Too much color on those cheeks, she thought as she reached out and put her hand on his forehead.
Sarah shook her head as she straightened. “We really need to take him to a hospital. He’s got a temperature.”
“I’ll call someone in.”
On cue, the couple that had been with him at the lab came down from upstairs. The man and woman had just showered, going by their wet hair, and they wore clothes either the same or identical to what they’d had on before.
They both still sported guns at their waists, too.
“I’ll text Jane,” the woman said. “She’ll come right away.”
“Is she a fully trained doctor?” Sarah asked sharply. “An internist?”
The woman nodded. “She treats all of us. She’s a surgeon, actually.”
“Look, this child has been deliberately infected with—”
“I know,” came the terse reply. “They did the same thing to me.”

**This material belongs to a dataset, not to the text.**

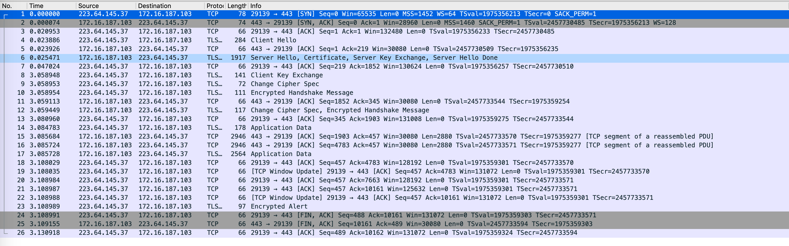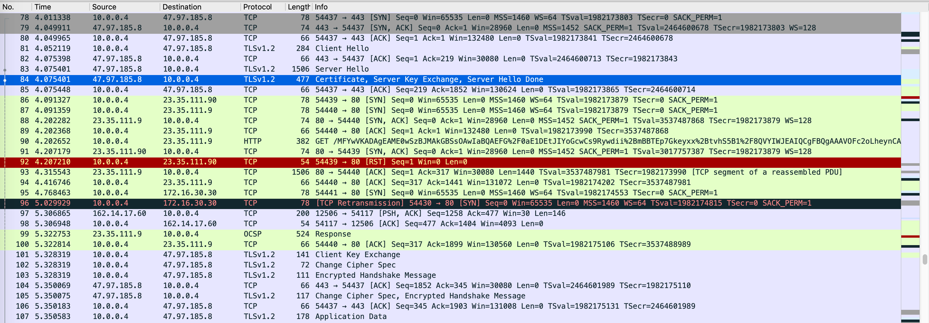 用 Wireshark 打开 pcap 文件,不用说 123 行就是 TCP 三次握手,出现明显延迟的地方在第 8 行,也就是 SSL 握手过程中交换客户端密钥的步骤。

Sarah blanched and glanced at the boy. Then she stared at the woman in alarm. But there was no eye contact to be had there. The female commando was stepping away into the kitchen, and her boyfriend/husband/partner went with her.
“You’re awake.”
She refocused on the child as the man spoke. Those eyes were opening slowly, the boy’s thin limbs stirring under the blanket.
“Where’s my mahmen?”
The man looked over at Sarah. “Can you give me a minute with him?”
A powerful impulse to stay right where she was—or, even better, take the poor child into her lap again—hit her like a message from God. But something in the way the pair of them stared at her suggested they had a history.
“Are you his family?” she asked the commando.
“Yes,” he said. “In all the ways that matter right now.”
Sarah nodded and backed her way into the hall. She went all the way down to the archway of the kitchen, and then could go no further. Leaning against the wall, she crossed her arms over her chest and felt like her heart was breaking as she watched the two of them from afar.
She couldn’t hear anything that was said as the man rubbed his face, cracked his knuckles … and then sat down on the sofa to look the child right in the eye.
The man’s mouth moved again, and the expression on the boy’s face tightened into a mask. The boy asked something. The man answered.
There was another question.
Another answer.
The boy looked down at the quilt that had been pulled over his little body. As he began to cry, the man seemed exactly as heartbroken as Sarah felt.
The commando took the child into his strong arms and held him.
As those oddly glowing eyes lifted to Sarah over the boy’s dark head, she put her hand over her mouth. And wondered exactly how much more anyone that young could take.
Hell, most adults couldn’t handle half of what he’d lived through already. It was so unfair for anything to be added to his burdens.
“—about to go through the change. So we need to get a Chosen here before day breaks just in case.”